The other literary work focussed on in Chapter Six, In the eye of the sun by Ahdaf Soueif is about women in Egypt. Majumdar concludes her discussion of it writing “Even as they highlight patriarchal oppression, Arab women writers … are keenly aware that the condemnation of specific questionable cultural practices can further the agenda of othering and conquering.” This half-heartedness, justifying failure to condemn “questionable cultural practices” does not ask for characters who show a third way to struggle against both these cultural practices and would-be imperialist conquerors.
Majumdar says of the literary works analysed in Chapter Six that “these two postcolonial texts belie postcolonial theory, demonstrating that the universal and the particular are not in contradiction.” And yet Barghouti proposes no way to overcome the trauma of Palestinians, at least not as he is represented by Majumdar.

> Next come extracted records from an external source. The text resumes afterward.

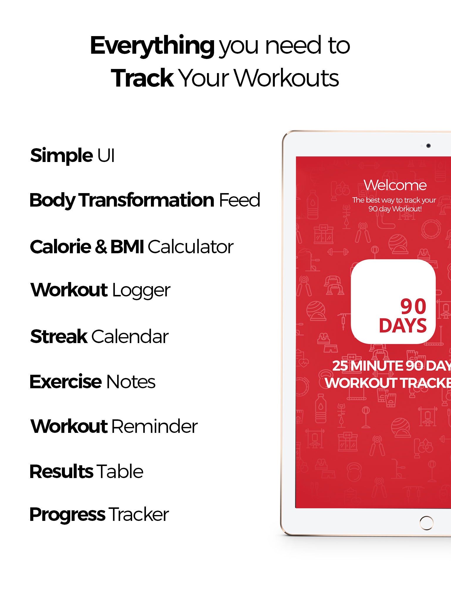 ▸ Progress Tracker: Log BMI, Weight, Heart Rate, Intensity, Workout Date & Time and many other variables
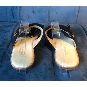 Liebeskind Berlin Anthropologie Sandals- Black leather & suede fringe, slide sandals, cushioned footbed.
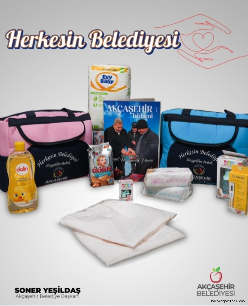 "Akçaşehir Belediyesi olarak kasabamızda yeni bebeği olan ailelerimizin sevinçlerine ortak olmak ve ailelerimizin ekonomilerine katkı sağlamak amacıyla "Hoş Geldin Bebek" çantası hazırladık. İçini de bebek bezinden ateş ölçerine varıncaya kadar temel ihtiyaç malzemeleriyle doldurduk. 0-3 aylık bebeği olan tüm hemşehrilerimizi bebeklerinin kimlikleriyle birlikte belediyemize bekliyoruz. Yolu, parkı, kaldırımı elbette yapacağız. Kasabamızın ihtiyaçlarını elbette karşılayacağız. Fakat insanımıza direkt olarak dokunan projelerimize de aralıksız devam edeceğiz. "Herkesin Belediyesi" olmanın gereklerini yerine getirmeye ve insanımıza el uzatmaya devam edeceğiz. Çünkü biz büyük bir aileyiz." ifadelerini kullandı. Yeni bebek sahibi olan ailelere hediye edilen Yeni Doğan Çantalarında bebek bezi, battaniye, ıslak havlu, ateş ölçer, bebe bisküvisi, biberon, emzik ve bebe şampuanı gibi temel ihtiyaç malzemeleri bulunuyor.

I think the heart of the problem for Majumdar is that even as she proposes radical universalism, she is not immune from influence by the postcolonial categorisation of nations into two camps. This inhibits solidarity with “others” (the people whom they assign as part of colonising societies) and against injustices inside a postcolonial society.
Her selection of exemplary radical universal and anti-colonial literature in Chapter Six appears to be influenced by contemporaneous points of conflict between the military position of the USA, in Palestine/Israel and the Islamic world. In the case of other literature that she discusses, which is set in India and Sri Lanka, the hand of the USA is not an element of their stories, and her analysis is much sharper, she avoids the two camp generalisation which she applies particularly to Barghouti, and somewhat to Ahdaf Soueif. If only she maintained her standpoint of radical universalism when reading Barghouti, she might see the dominant “anti-Zionist” forces in Palestinian politics as an obstacle to the dialogue and solidarity building, between Palestinians and Israelis, necessary to the process of achieving an independent Palestinian state and justice for Palestinian people.
Majumdar is an author with important theoretical insights, which unfortunately she does not always manage to apply in practice. Nonetheless I recommend the book as showing a way to read a number of postcolonial texts and to think about literature portraying struggles in any context.